Submitted by Xinnan Niu on

I parsed the file "AIDalgorithm_coding_V3b.txt" and found there are 27326 unique ICD9/ICD10 codes used to define AI cases. However, the file, AutoimmuneDiseaseAlgorithm_V4.pdf, states there are 1528 diagnosis codes were used to determine case. In additon, Jim Linneman said there are 26794 unique ICD9/ICD10 codes. So, I need to get confirmed the # of icd9/10 codes. If possible, please give a list of codes of icd9 and 10. 

Thanks !

Thank you very much for catching up the inconsistencies.

The information in "AutoimmuneDiseaseAlgorithm_V4.pdf" is outdated and will be removed. Please use "AIDalgorithm_coding_V3b.txt" as the correct coding sorce. You are correct, there are 27326 distinct ICD9CM/ICD10CM codes used in AID (for both case and control definition).

Specifically, there are 1443 ICD9CM/ICD10CM/SNOMED codes to define AID subtypes and type 2 diabetes (used for cases), 39497 ICD9CM/ICD10CM/SNOMED codes to define autoinflammatory disease which is used in AID controls, and 177 LOINC codes for labs.

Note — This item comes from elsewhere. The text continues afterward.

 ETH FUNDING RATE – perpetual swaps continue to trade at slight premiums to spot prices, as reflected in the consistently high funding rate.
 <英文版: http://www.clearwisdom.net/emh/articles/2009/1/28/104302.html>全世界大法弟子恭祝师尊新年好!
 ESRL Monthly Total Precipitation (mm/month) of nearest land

In total, there are 40940 distinct ICD9CM/ICD10CM/SNOMED codes for diagnosis (including 27326 distinct ICD9CM/ICD10CM codes).


Submitted by Xinnan Niu on

Would you please let's know when are you going to upload with the new "AutoimmuneDiseaseAlgorithm", V5. Thanks !

Hello Xinnan, 

There will not have the V5 documentation at this moment, since there is only minor change by removing the number of codes part. I am documenting all the minor changes with all the feedback from the group. 

AutoimmuneDiseaseAlgorithm_V4.pdf: please remove "A total of 1528 diagnosis codes were used to determine case status, and 49960 diagnosis codes and measurement codes were used for controls."

AutoimmuneDiseaseAlgorithm_V4.pdf Table 3:

Jo 1 Autoantibody (J01): J01 should be Jo1, Sclerdoma Autoantibody (Scl 70: Scl 70 should be Scl70. 

Thanks Jane Grafton for pointing this out. 


Most of the labs by potiential controls do not indicate positive or negative. Are the units relevant, or are they common across all institutions?

for example

"Anti-Phospholipid Profile"|"CARDIOLIPIN IGM ANTIBODY"|"9.8"|"MPL"|"<=9.2"

9.8 is the 'result value'

<=9.2 is the 'reference value'

-Does that mean that this particluar lab is positive?


-Should patients be excluded from controls if they have just ONE positive lab, therefore?

-Should all listed serology labs be included for every case in the DD?

Yes, 9.8 means positive in this lab. 

Patients should be excluded if they contain any positive lab. 

Yes, please please include all serology tests for both case and controls. Thank you. 

If there is an overlap of subphenotypes, what is the rule to decide which to list?

If there is no subphenotype and a case has only "Auto-inflammatory + Autoimmune (SNOMED)" codes, do we leave them as null in the subphenotype DD?

If there is overlap of subphenotypes, please label both. 

"Auto-inflammatory + Autoimmune (SNOMED)" codes are only used in Control, they are not used in Case. So if there is no subphenotype, then this is not CASE. 

The only ANCA labs that our cohort has seem to be non specific (Not C or P) Should we include these?

"Cytoplasmic Neutrophil Ab w/reflex to Titer/MPOPR3"
"Cytoplasmic Neutrophil Ab"
"ANCA  (Cytoplasmic Neutrophil Ab w/reflex to Titer/MPOPR3)"

It looks to us that the file AIDalgorithm_coding_V3b.txt has either ICD9 or ICD10 codes, but not both, for diseases Goodpasture, Dermatomyositis, Guillain-Barre, and Reiter's. Could you please check to see if that is correct or if we are in some way misreading the file? Thanks.

The file is correct and you are not misreading the files. For above four diseases, there either have ICD9 or ICD10 codes. But if you find ICD codes that are related to these disease that are not in the file, please let us know. Thank you. 

Could you share an OMOP SQL version of the algorithm? Thanks.

Hello Ken, Because many categorical labs are used in autoimmune phenotype and they are not populated in our current OMOP data, so we didn't implement the OMOP version. 


Some of the icd9 codes are just the 3 digit base code. For example 725 for arthirits polymyalgia... Are these valid codes or do we need to do a wild card search?